Quality, not quantity

It is not yet clear what India's overall budget position would be, if the Kelkar recommendations were implemented in full.

The Indian government needs to raise overall tax revenues, since its public deficit is running at more than 11% of annual economic output - a high level by international standards.

But raising taxes would slow the already stumbling economy, and may dissuade investors, who are already nervous of operating conditions on the Indian market.

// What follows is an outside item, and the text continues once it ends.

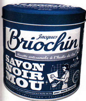
À la main Lessive au savon noir multi-usage, depuis 1919. Pot en métal de 600 g, lebrioichin.com, 6,96 €.

es boots à semelle en crêpe, et Diane von Furstenberg sa robe portefeuille. Les jouets prennent des airs désuets. La lessive au savon noir du Breton Jacques Brioichin, « droguiste depuis 1919 », renaît de ses cendres. Des sauveurs font leur réclame à la télévision sur l'air de Sheila Vous les copains .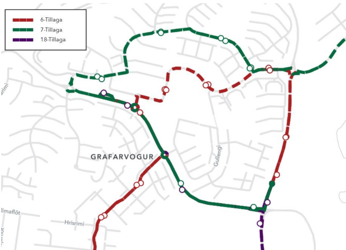
Mynd 1 Efri myndin sýnir núverandi leiðakerfi. Neðri myndin sýnir tillögu að breytingum. Erfitt er að sjá að á efri myndinni (núverandi leiðanet) ekur leið 18 áfram norður eftir Víkurvegi og beygir inn Mosaveg. Á neðri myndinni (tillaga) beygir leið 18 inn Borgarveg eftir viðkomu við Egilshöll og endar í Spöng.

As a result, the Kelkar report - combined with a previous set of proposals on indirect taxes such as sales tax - aims to reduce headline rates, while tightening up on the vast array of exemptions and loopholes in the system.

Best practice

Very few goods would be exempt from sales tax or customs duty, and companies will find it harder to engineer ways around corporate income tax, the report said.

At the same time, the government plans to step up its battle against tax evasion, which is rampant in India.

Overall, such tightening up should more than compensate for the lowering of the tax burden, the commission calculated.

The commission said its hope was to bring Indian taxation into line with international best practice - something that may help stimulate inflows of foreign direct investment.

Earlier this year, the International Monetary Fund argued that the Indian economy was growing too slowly to reduce poverty, or to chip away at its mountainous state debt.